= Beginning of Section =
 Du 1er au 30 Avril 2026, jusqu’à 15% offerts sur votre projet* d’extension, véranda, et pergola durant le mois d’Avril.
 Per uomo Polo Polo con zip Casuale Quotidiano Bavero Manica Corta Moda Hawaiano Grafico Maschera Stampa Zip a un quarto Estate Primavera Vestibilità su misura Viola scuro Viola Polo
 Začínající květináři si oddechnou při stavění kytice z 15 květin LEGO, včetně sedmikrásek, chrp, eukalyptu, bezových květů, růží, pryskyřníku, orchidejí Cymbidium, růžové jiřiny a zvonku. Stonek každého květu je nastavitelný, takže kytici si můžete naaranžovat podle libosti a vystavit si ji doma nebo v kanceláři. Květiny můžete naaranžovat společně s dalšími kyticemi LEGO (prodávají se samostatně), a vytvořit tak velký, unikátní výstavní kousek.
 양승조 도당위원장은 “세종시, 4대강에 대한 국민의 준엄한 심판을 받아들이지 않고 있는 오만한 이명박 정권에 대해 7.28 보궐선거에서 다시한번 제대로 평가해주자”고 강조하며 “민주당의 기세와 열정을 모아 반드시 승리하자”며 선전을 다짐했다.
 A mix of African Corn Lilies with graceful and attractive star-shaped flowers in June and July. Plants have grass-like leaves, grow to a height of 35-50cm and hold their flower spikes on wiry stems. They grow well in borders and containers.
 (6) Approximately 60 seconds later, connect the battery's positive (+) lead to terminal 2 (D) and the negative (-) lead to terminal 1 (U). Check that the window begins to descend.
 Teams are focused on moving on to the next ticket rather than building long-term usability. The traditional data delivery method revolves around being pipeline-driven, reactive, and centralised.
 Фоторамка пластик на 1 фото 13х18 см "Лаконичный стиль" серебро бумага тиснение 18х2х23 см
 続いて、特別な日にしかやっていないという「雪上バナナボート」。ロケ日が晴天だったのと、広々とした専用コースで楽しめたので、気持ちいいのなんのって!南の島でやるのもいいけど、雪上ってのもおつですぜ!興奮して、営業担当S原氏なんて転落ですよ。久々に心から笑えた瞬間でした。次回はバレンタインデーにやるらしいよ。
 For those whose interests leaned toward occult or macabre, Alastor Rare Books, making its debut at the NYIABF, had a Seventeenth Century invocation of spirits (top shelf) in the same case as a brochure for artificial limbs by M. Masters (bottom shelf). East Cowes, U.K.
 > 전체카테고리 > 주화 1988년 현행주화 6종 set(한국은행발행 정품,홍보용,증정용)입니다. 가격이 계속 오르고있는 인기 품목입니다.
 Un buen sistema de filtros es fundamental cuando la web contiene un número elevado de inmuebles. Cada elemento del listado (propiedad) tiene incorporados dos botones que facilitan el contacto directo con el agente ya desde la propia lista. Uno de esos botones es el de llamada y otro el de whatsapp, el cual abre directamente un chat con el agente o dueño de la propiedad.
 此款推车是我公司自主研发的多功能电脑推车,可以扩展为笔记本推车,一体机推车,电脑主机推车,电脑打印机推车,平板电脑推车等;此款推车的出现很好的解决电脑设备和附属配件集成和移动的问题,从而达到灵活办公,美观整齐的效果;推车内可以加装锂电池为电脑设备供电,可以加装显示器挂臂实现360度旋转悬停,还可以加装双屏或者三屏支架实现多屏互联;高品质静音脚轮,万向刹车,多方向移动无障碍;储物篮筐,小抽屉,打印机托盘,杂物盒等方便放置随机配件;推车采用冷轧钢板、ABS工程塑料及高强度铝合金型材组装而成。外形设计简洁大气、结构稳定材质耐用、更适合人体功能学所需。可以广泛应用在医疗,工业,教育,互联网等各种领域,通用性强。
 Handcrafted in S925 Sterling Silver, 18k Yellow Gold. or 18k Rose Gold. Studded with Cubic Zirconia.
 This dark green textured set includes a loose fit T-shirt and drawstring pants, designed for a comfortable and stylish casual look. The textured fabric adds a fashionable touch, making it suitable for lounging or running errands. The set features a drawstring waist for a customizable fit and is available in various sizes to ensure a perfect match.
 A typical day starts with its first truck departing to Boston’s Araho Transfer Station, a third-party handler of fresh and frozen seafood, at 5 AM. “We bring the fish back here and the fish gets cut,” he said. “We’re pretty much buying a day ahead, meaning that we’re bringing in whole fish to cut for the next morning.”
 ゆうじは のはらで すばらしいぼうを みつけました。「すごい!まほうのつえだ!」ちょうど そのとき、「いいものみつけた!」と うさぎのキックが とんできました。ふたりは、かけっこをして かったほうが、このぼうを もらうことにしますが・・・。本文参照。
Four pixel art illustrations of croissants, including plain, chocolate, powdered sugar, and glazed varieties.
= End of Section =
• **Exercise directions**
If a line of the data contains the word "making", it counts toward the total; state that total alone.

• **Solution below**
2